Wenn man in vorpandemischer Zeit beim Spazierengehen überraschend austreten musste und, wie meistens, kein öffentliches Klo in Sicht war, betrat man kurzerhand das nächste Beisl, bestellte einen Kaffee oder ein Achtel und ging dann seinem eigentlichen Vorhaben nach: ab aufs Häusl, die Sache in die Hand nehmen und schauen, wie sie abläuft.

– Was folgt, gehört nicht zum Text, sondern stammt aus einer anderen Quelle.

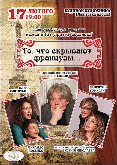 То, что скрывают французы… відбудеться 17 лютого 2015, 19:00, вівторок в Театр "Особистості" (Центральний будинок художника). За допомогою сервісу internet-bilet.ua, Ви зможете з легкістю забронювати, замовити та купити квитки на концерт, спектакль, оперу, балет, майстер-класи, спортивні та дитячі заходи, що Вас цікавлять, оплативши їх найбільш зручним для Вас способом: через інтернет банківською карткою VISA/MasterCard, готівкою або кур'єром, якщо зробите замовлення квитка з доставкою.

Was aber, wenn kein Beisl offen hat? Ich erinnere mich, dass ich bei einem Spaziergang zu Beginn des ersten Lockdowns 2020 am Gürtel von einem mächtigen Harndrang ereilt wurde und im letzten Moment einen barmherzigen Busch erspähte, der sich klaglos von mir benetzen ließ und Sichtschutz gegen die vorbeifahrenden Polizeiautos bot. Dauerlösung ist das keine, aber auch das Tragen von Inkontinenzwindeln nach dem Vorbild von #DiaperDon ist keine Lösung. Wer stakst schon gern ständig eingenässt herum?

Nonchalance der Adeligen

Da lob ich mir die Nonchalance, mit der Prinz Ernst August von Hannover eine analoge Situation meisterte, indem er bei der Expo 2000 umstandslos an den türkischen Pavillon pieselte. Die Presse machte ein Mordstamtam, und die Bild Zeitung trieb sogar Augenzeuginnen auf ("Wir konnten den Urinstrahl deutlich sehen"). Die Türken hielten sich aber cool zurück. Sie waren wohl froh, dass Ernst August nicht auf die große Seite gemusst hatte. Und zudem war er ja betrunken.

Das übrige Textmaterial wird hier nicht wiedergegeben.